## Information supplied
+ + +

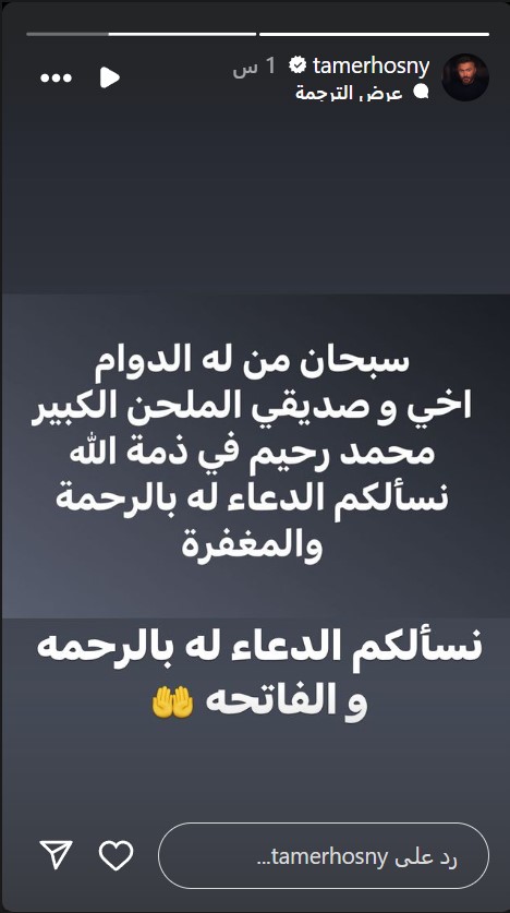 وكتب تامر حسني عبر حسابه الرسمي بموقع «إنستجرام»،: «سبحان من له الدوام، أخي وصديقي الملحن الكبير محمد رحيم في ذمة الله، نسألكم الدعاء له بالرحمة والمغفرة».
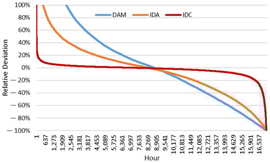Relative deviations of the DAM, IDA, and IDC forecasts.
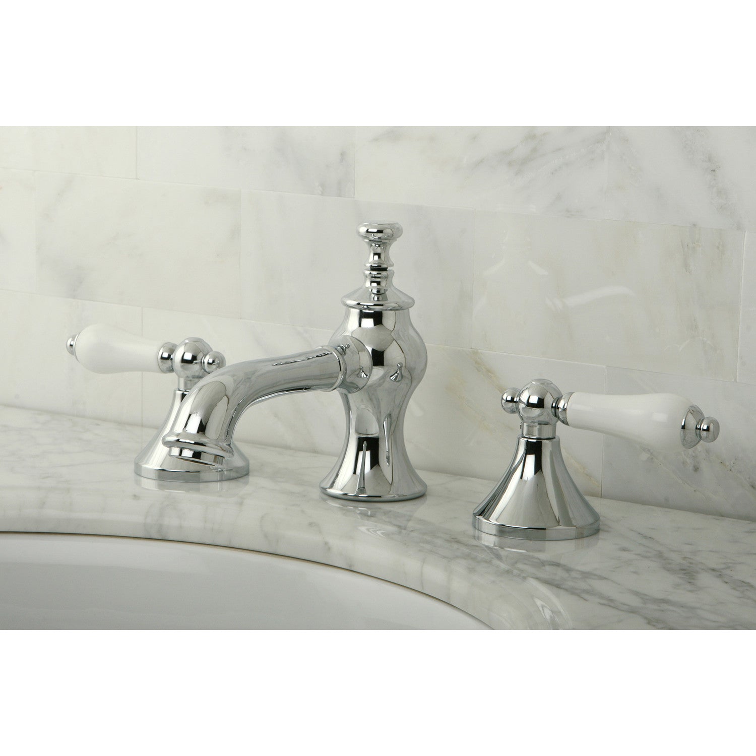 Vintage KC7061PL Two-Handle 3-Hole Deck Mount Widespread Bathroom Faucet with Brass Pop-Up, Polished Chrome

+ + +

## Work to be completed
Transcribe the whole of the data exactly, minus any pictures.

## Solution to this exercise
 وكتب تامر حسني عبر حسابه الرسمي بموقع «إنستجرام»،: «سبحان من له الدوام، أخي وصديقي الملحن الكبير محمد رحيم في ذمة الله، نسألكم الدعاء له بالرحمة والمغفرة».
Relative deviations of the DAM, IDA, and IDC forecasts.
 Vintage KC7061PL Two-Handle 3-Hole Deck Mount Widespread Bathroom Faucet with Brass Pop-Up, Polished Chrome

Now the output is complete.